Monika Rawal Kukreja of Hindustan Times said "While Housefull 4 music is ordinary, the Ek Chumma song has been beautifully choreographed. Bala – Shaitaan Ka Saala is clearly the highlight with its lame yet catchy lyrics." Critics at the board of Bollywood Hungama wrote "Julius Packiam's background score is theatrical and the recurring theme is catchy."

Reviewing the soundtrack album, DJ Munks of BizAsia rated album with 3 stars out of 5 and wrote "The soundtrack of ‘Housefull 4’ is funny & cheesy no doubt! Limited by the appeal of the film there is only so much one can do to make the music fit with the film while also delivering on the listen ability parameters that define the success of the music album. Nonetheless the soundtrack is unique in the current times as it does not run after the typical remakes and dance and romantic numbers. It truly is a soundtrack for this film and fits well there keeping a different identity for itself."

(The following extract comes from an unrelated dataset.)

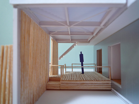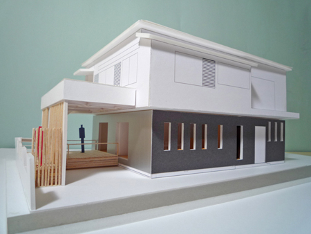 『朝霞市のリフォーム』のデッキ部分を模型にして、建て主の方と打ち合せしました。
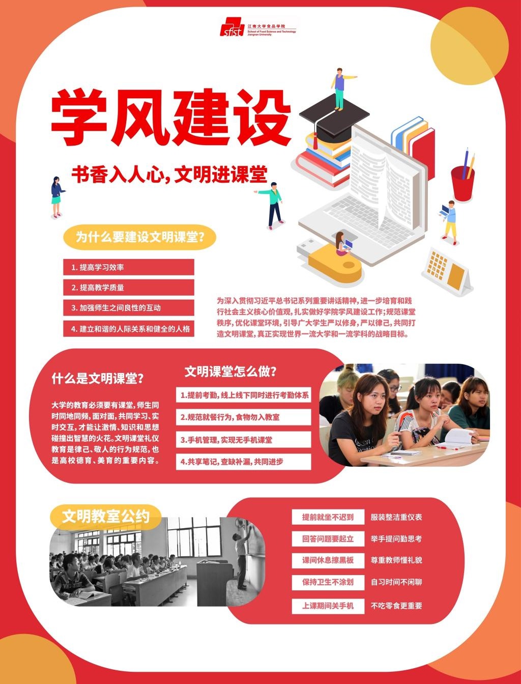 分团委、学生会、研究生会凝聚力量,制定文明教室公约,通过线上、线下等渠道进行宣传,号召同学们做到“增强时间观念,杜绝迟到早退;规范就餐行为,食物勿入教室;强化纪律意识,提高课堂质量;争做文明模范,不留一片垃圾”,营造了浓厚的文明课堂建设氛围。

Suparno Sarkar of International Business Times commented "Songs are entertaining." MovieCrow stated "The songs (composed by Sohail Sen and Farhad Samji-Sandeep Shirodkar) have already become popular and they suit the madness quotient evident in the film." Namrata Thakker of Rediff wrote "The best thing about Housefull 4 is the Bala song, which plays in the background throughout."

== Impact ==
The tracks "Ek Chumma" and "Shaitan Ka Saala" topped the national charts, in all music and video platforms. "Ek Chumma" inspired the song "Loota Re" from the Pakistani film Quaid-e-Azam Zindabad (2022). "Shaitan Ka Saala" was the 2019's fastest 100 million views gainer on YouTube, and emerged as the most popular song of 2019.